Почти все турецкие корабли лежали на мели и горели. Отовсюду доносились стоны раненых. Восточный ветер разносил искры от горевших судов в сторону города, один за другим там вспыхивали всё новые и новые пожары. Языки пламени быстро пожирали дома, местное адмиралтейство, склады и казармы. Повсюду были раскиданы обломки взорванных судов, на уцелевших от взрывов частях корабельных корпусов были видны трупы турок. И вдруг Барановский увидел в окуляре подзорной трубы силуэты трёх кораблей. Над ними столбом поднимался чёрный дым. А много правее – ещё один корпус корабля и тоже с дымящимся столбом дыма над трубой. К нему направлялся «Кагул», чуть позади – «Кулевчи».
– Пароход «Таиф» всё-таки ушёл. Будищев на корме у него висит, но, видимо, не догонит, ветер не позволит. Жаль… А вот гляньте-ка, Павел Степанович, что за корабли к нам спешат? Не турки ли? – превозмогая боль, слабым голосом произнёс он.
Нахимов тут же направил свою трубу в сторону моря. Он долго всматривался и, наконец, со вздохом облегчения произнёс:
– Слава Богу, не турки. Наши это корабли, Пётр Иванович. Узнаю пароход «Одесса». Да-да, точно, он. За ним, коль не ошибаюсь, пароходы «Крым» и «Херсонес». Думаю, адмирал Корнилов спешит к нам на помощь. Однако… – Нахимов с гордостью осмотрел бухту с поверженным неприятелем. – Вряд ли потребуется помощь Владимира Алексеевича, – с тем же удовлетворением добавил он.
– Потребуется, Павел Степанович, – пробурчал Барановский. – Не все наши корабли самостоятельно до Севастополя смогут дойти своим ходом.
– Ну, если только так. Как вы себя чувствуете? Может, всё-таки спуститесь в лазарет?
– Пустое, не сахарный, не растаю. Жалко, ни одного турка призом не взяли.
– Не до призов… Какие там призы, Пётр Иванович?!
Нахимов ещё раз осмотрел рейд с дымящимися наполовину затопленными корпусами турецких судов и многозначительно произнёс:
– Нет больше турецкого флота… Чем не приз нам всем?
– Четыре часа боя – и нет турецкого флота. Совсем не дурной приз, ваше превосходительство… – улыбаясь вымученной улыбкой, ответил командир «Императрицы Марии».
Победа русской эскадры в Синопском сражении вызвала в Англии и Франции шок и взрыв русофобии. Часть английского истэблишмента решительно настаивала на начале военного похода на Россию. Наполеон III, хотя и не желал усиления англичан, однако на время смирился с необходимостью англо-французского союза для войны с Россией.
В начале января 1854 года англо-французская эскадра вошла в Черное море, а русским властям было в ультимативной форме предложено вывести войска из Дунайских княжеств. Николай I отказался даже отвечать на такое оскорбление.

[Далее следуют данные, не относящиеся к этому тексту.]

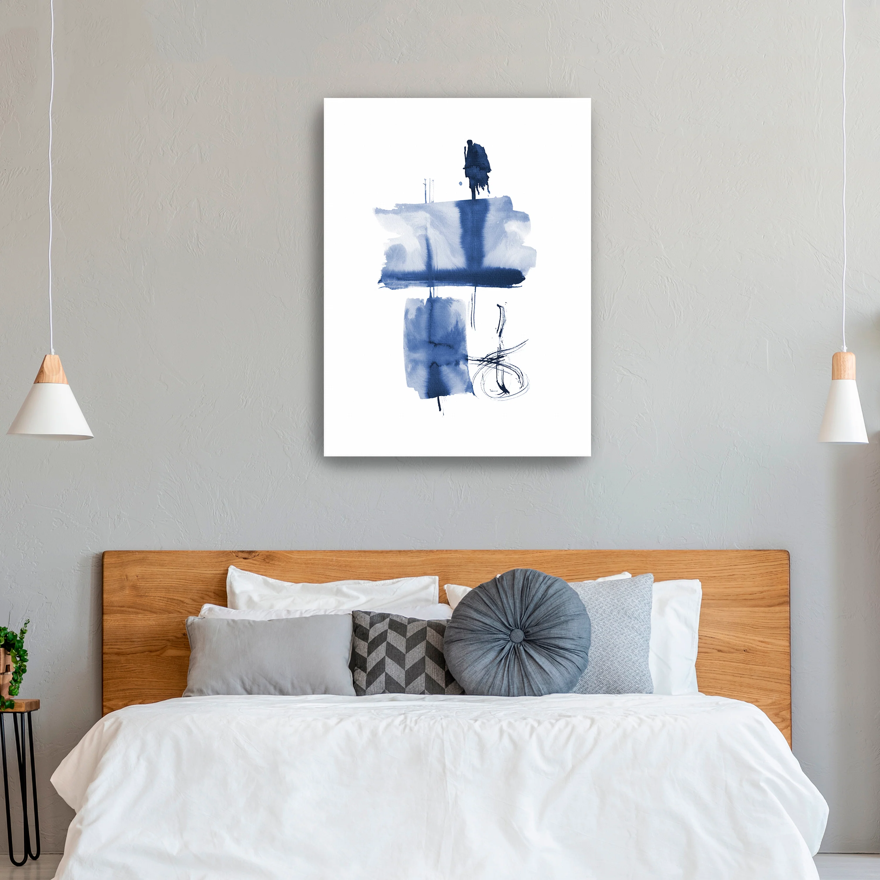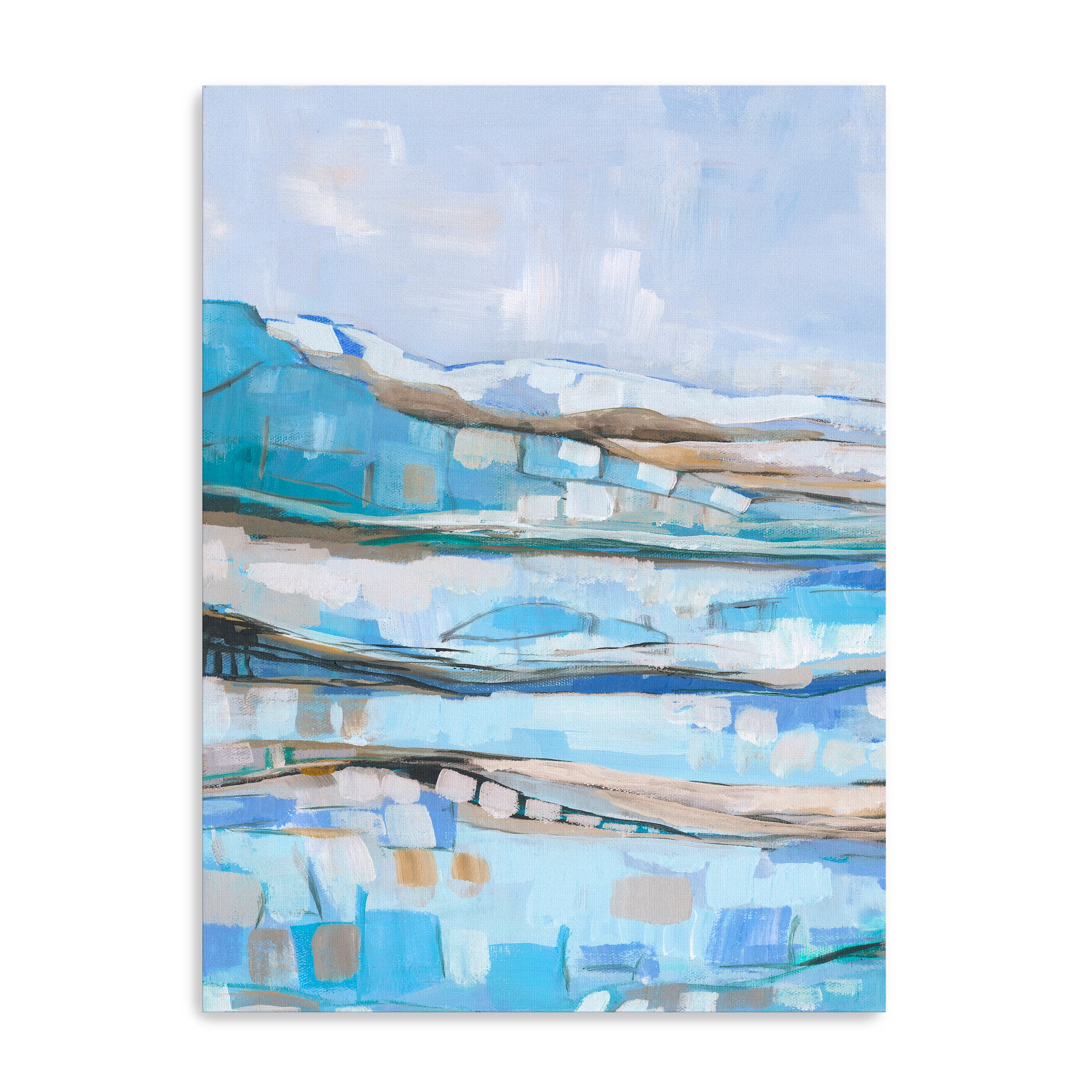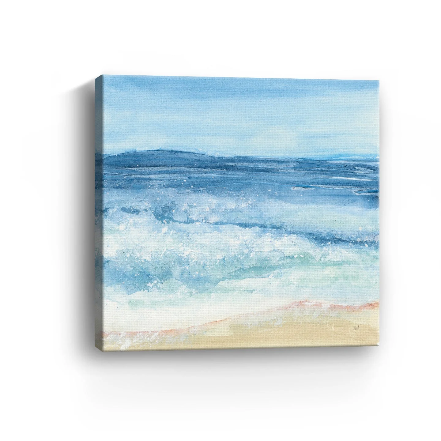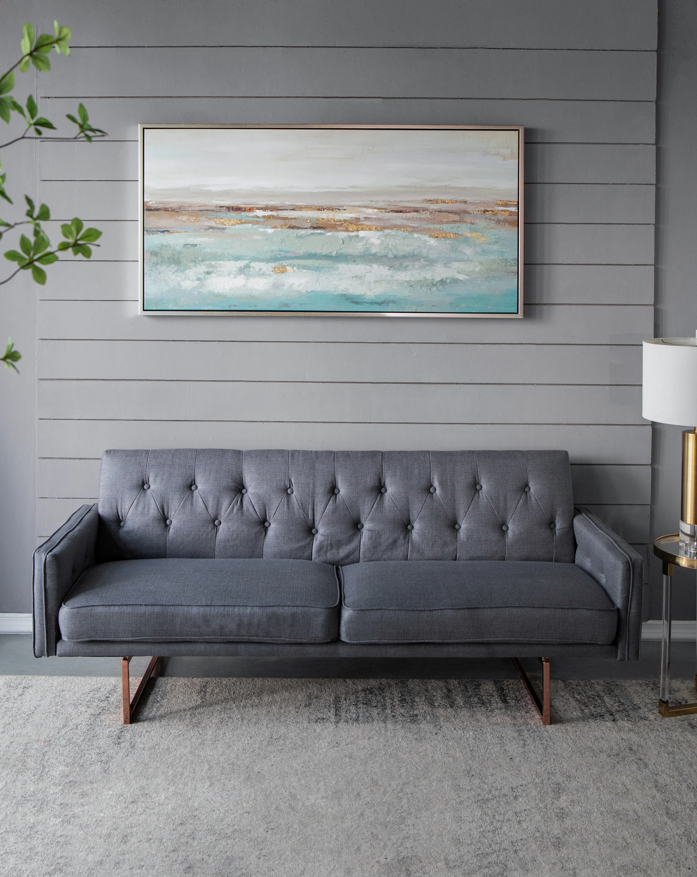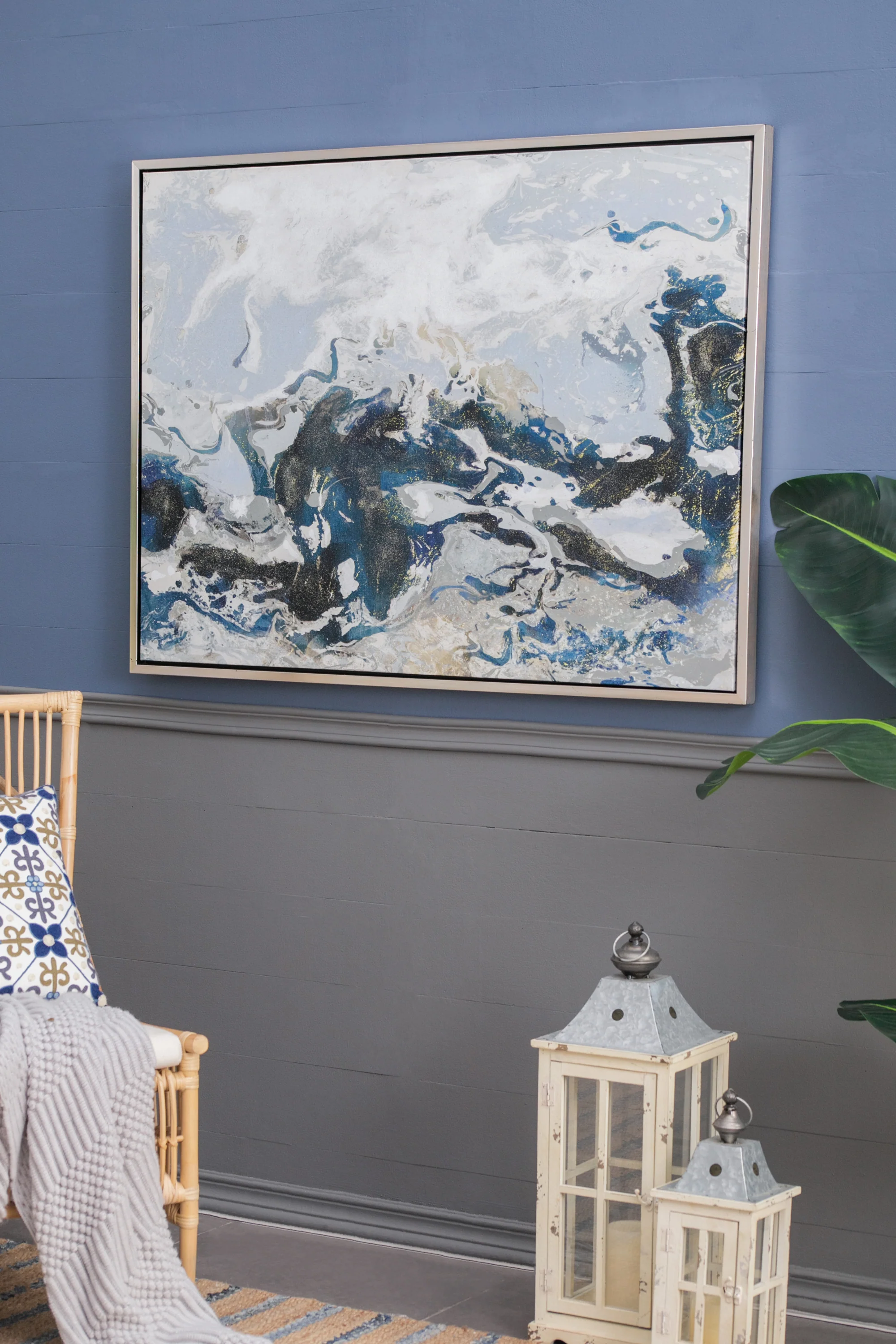 59.1x29.5x1.5' Framed Landscape Rectangle Blue and Gold Abstract Ocean Oil Painting

Тогда в конце февраля в Константинополе был заключён Союзный договор между Англией, Францией и Турцией против России. И в конце марта Англия и Франция объявили войну России. Если до этого Россия вела успешную кампанию против неоднократно битой ею страны, то теперь пришлось иметь дело с коалицией сильнейших европейских держав. Россию ждали нелёгкие времена.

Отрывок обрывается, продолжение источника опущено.